**GIVEN DATA:**

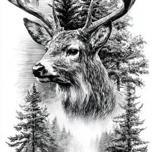 Голова оленя в верхней части, внизу одинокий турист, видимый со спины, на туманной лесной тропе.
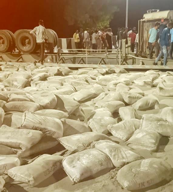 राष्ट्रीय राजमार्ग भीलवाड़ा जयपुर के झडवासा पुलिया पर सिमिन्ट के कटटो से भरा टेलर खाया पलटी
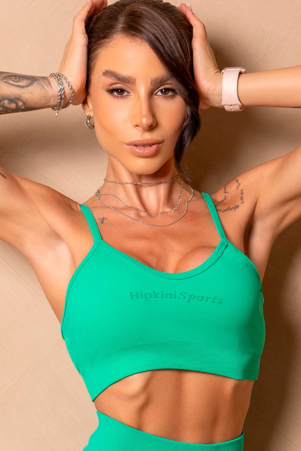 Top verde em tecido de alta compressão, com alças finas e recorte moderno que valoriza o busto. Proporciona sustentação, conforto e estilo durante os treinos.
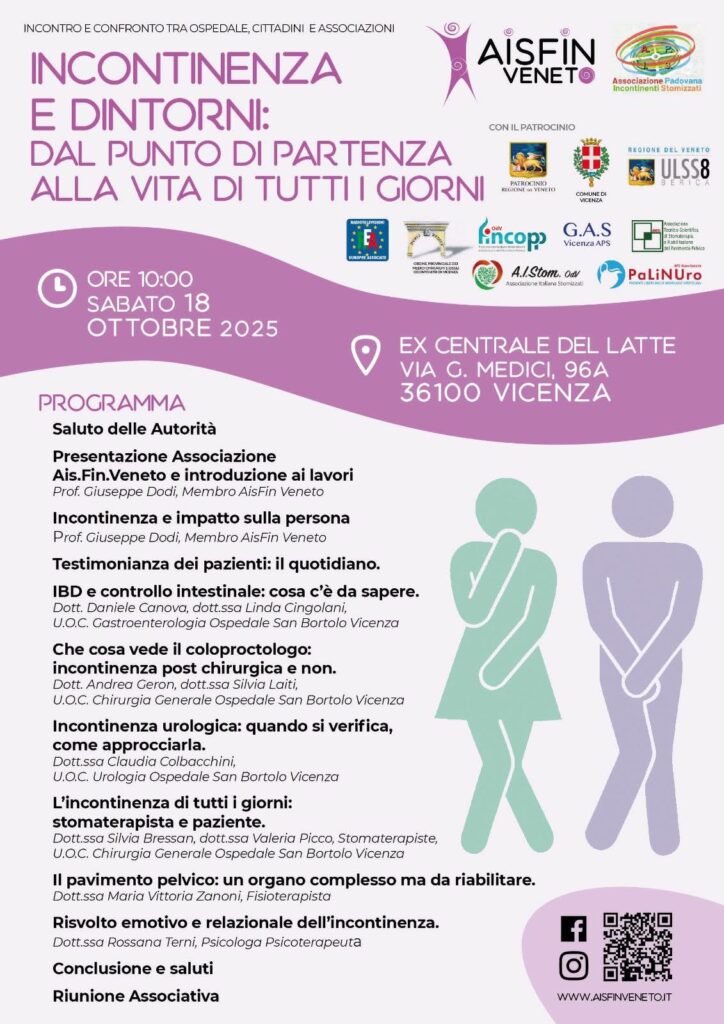 Il Dr. Pilati, Direttore del Dipartimento di Chirurgia Oncologica dell’esofago e delle vie digestive dello IOV, ha partecipato al Convegno “Incontinenza e Stomie”, svoltosi a Castelfranco Veneto presso l’Ospedale San Giacomo in occasione della Giornata dello Stomizzato. L’incontinenza fecale può essere di tre tipi: passiva (perdita di feci senza accorgersene), da urgenza (bisogno improvviso di andare in bagno) o combinata. Ci sono anche diversi gradi di severità. Il trattamento dipende dalla tipologia e dall’intensità. Le cause dell’incontinenza possono essere legate all’età, ma anche a traumi (anche chirurgici), alterazioni neurologiche, ridotta mobilità o stipsi. Esistono cure, il primo passo è non nascondersi. I trattamenti possono essere conservativi o meno. È importante curare l’alimentazione in modo da mantenere sano l’intestino e poi rivolgersi alla riabilitazione e al biofeedback per rinforzare la muscolatura del pavimento pelvico. Esiste anche la terapia farmacologica fino ad arrivare a trattamenti chirurgici più o meno invasivi fino ad arrivare alla colostomia. Molto utile è il sostegno psicologico ed emotivo al paziente, che sperimenta un profondo disagio sociale.
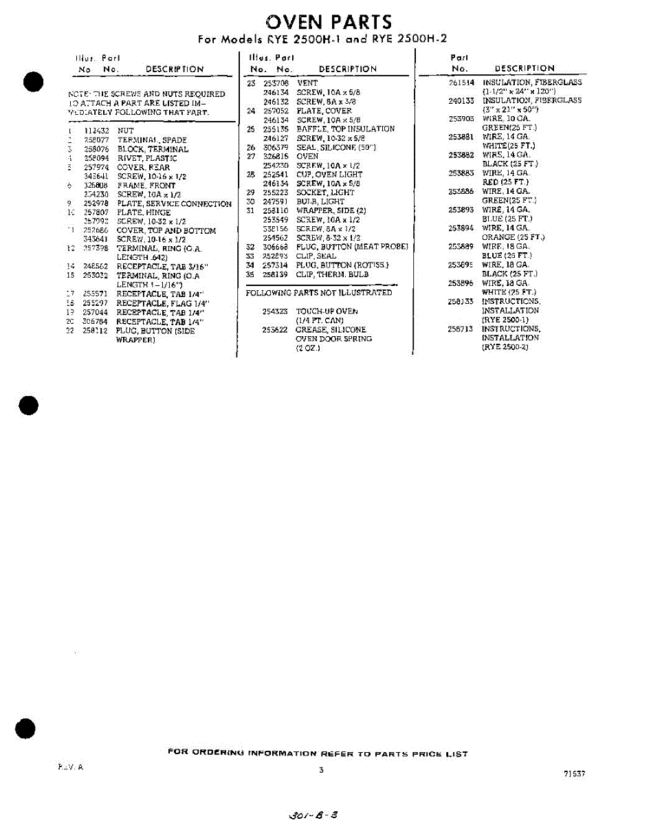 Parts for Whirlpool RYE2500W2: 03 - Section Parts

**ASSIGNED TASK:**
Reproduce every record word for word. The copy must contain no pictures.

**TASK RESULT:**
 Голова оленя в верхней части, внизу одинокий турист, видимый со спины, на туманной лесной тропе.
 राष्ट्रीय राजमार्ग भीलवाड़ा जयपुर के झडवासा पुलिया पर सिमिन्ट के कटटो से भरा टेलर खाया पलटी
 Top verde em tecido de alta compressão, com alças finas e recorte moderno que valoriza o busto. Proporciona sustentação, conforto e estilo durante os treinos.
 Il Dr. Pilati, Direttore del Dipartimento di Chirurgia Oncologica dell’esofago e delle vie digestive dello IOV, ha partecipato al Convegno “Incontinenza e Stomie”, svoltosi a Castelfranco Veneto presso l’Ospedale San Giacomo in occasione della Giornata dello Stomizzato. L’incontinenza fecale può essere di tre tipi: passiva (perdita di feci senza accorgersene), da urgenza (bisogno improvviso di andare in bagno) o combinata. Ci sono anche diversi gradi di severità. Il trattamento dipende dalla tipologia e dall’intensità. Le cause dell’incontinenza possono essere legate all’età, ma anche a traumi (anche chirurgici), alterazioni neurologiche, ridotta mobilità o stipsi. Esistono cure, il primo passo è non nascondersi. I trattamenti possono essere conservativi o meno. È importante curare l’alimentazione in modo da mantenere sano l’intestino e poi rivolgersi alla riabilitazione e al biofeedback per rinforzare la muscolatura del pavimento pelvico. Esiste anche la terapia farmacologica fino ad arrivare a trattamenti chirurgici più o meno invasivi fino ad arrivare alla colostomia. Molto utile è il sostegno psicologico ed emotivo al paziente, che sperimenta un profondo disagio sociale.
 Parts for Whirlpool RYE2500W2: 03 - Section Parts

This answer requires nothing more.